Wow, slap to my face.....

Still should rinse the sand. The only sand I've seen come packed in water is live sand for marine. Learn something new everyday.

.


----------



## triscuit (May 6, 2005)

Bowfront said:


> Wow, slap to my face.....
> 
> Still should rinse the sand. The only sand I've seen come packed in water is live sand for marine. Learn something new everyday.
> 
> .


This is live sand for freshwater.
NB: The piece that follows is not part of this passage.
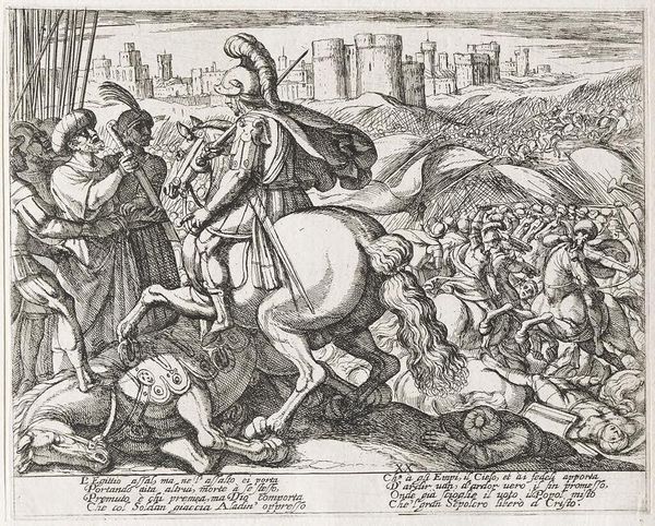 Curator: This print, titled "Paulus wordt door de joden aangevallen," made by Johann Sadeler I in 1581, is teeming with chaotic energy. It is done in ink using engraving techniques, in a distinct Mannerist style. What strikes you most about it? Editor: It’s the sense of overwhelming violence. The figures are all contorted and intertwined. I am intrigued and puzzled by the setting; it looks to be Jerusalem and Rome combined! What historical and social tensions do you think this image is channeling? Curator: That is an insightful reading, situating this artwork into the intersection of identity and politics. Remember that prints like this were not just art, they were propaganda, widely disseminated during the religious conflicts of the late 16th century. This image depicts St. Paul, a Jew turned Christian, being attacked. It's useful to consider that this scene resonated with contemporary anxieties about religious conversion and social order. Consider the Mannerist style: Does the exaggeration amplify a particular viewpoint or agenda, especially related to existing conflicts in Europe? Editor: Definitely. The dramatic poses and exaggerated musculature feel designed to elicit a strong emotional response. Also, I had not considered that the architecture represents both Jerusalem and Rome! By merging Jerusalem with Rome, is Sadeler suggesting something about the universality of this conflict, or perhaps Rome as the new Jerusalem? Curator: Precisely! These choices were far from accidental. The composition encourages us to think critically about how images participate in shaping beliefs. Now, reflecting on our conversation, how has your understanding of the print changed? Editor: I see it now as much more than just a historical depiction. It's a loaded statement about religious identity, social upheaval, and the power of visual rhetoric in a time of intense religious conflict. Thank you.

I'm not sure how stable/viable the biota in the Caribsea eco-complete is, but rinsing it in tap water is sure to make it worse.


----------



## Gecko1739 (Apr 19, 2013)

Do you have pic of how sand looks in your tank? 
I have wanted to switch to cichlid sand but can't picture how the color will look. and the internet pics don't really help.


----------



## notchback65 (Apr 3, 2013)

Gecko1739 said:


> Do you have pic of how sand looks in your tank?
> I have wanted to switch to cichlid sand but can't picture how the color will look. and the internet pics don't really help.


----------



## Gecko1739 (Apr 19, 2013)

Tank looks great!! Well done!
I like it. It is more white than i had hoped, thought about trying to mix in a bag of the zach black sand to bring the reflective white down a bit. Not sure how that would turn out though. It could be a disastrous mistake. I was thinking 40lbs of the sand color and mixing 20lbs of the zach black color.


----------



## joehorse20 (Mar 11, 2013)

i had/have a similiar problem with my 125. I used 6 or 7 bags. The tank was beyond cloudy and evertime I move anything and vacuum it get's pretty cloudy. I'm hoping after a few more water changes with vacuum over time this will get better. It does look great but i would not use it again or I would rinse the **** out of it
your tank looks good


----------



## christy_lee (Jun 25, 2013)

I've used this brand of sand before, I got all black. It made my tank cloudy for the first day or so, but I never really had an issue after that. It'll work itself out!


----------



## Randifer (Nov 4, 2012)

tank1 by randifer, on Flickr

I used the exact same sand. Did not rinse because I wanted to preserve the bacteria in the bag. Not sure if the bacteria helped any or not (I think not)... but i really like the sand. Was cloudy for a few days... but did clear up and then no problems.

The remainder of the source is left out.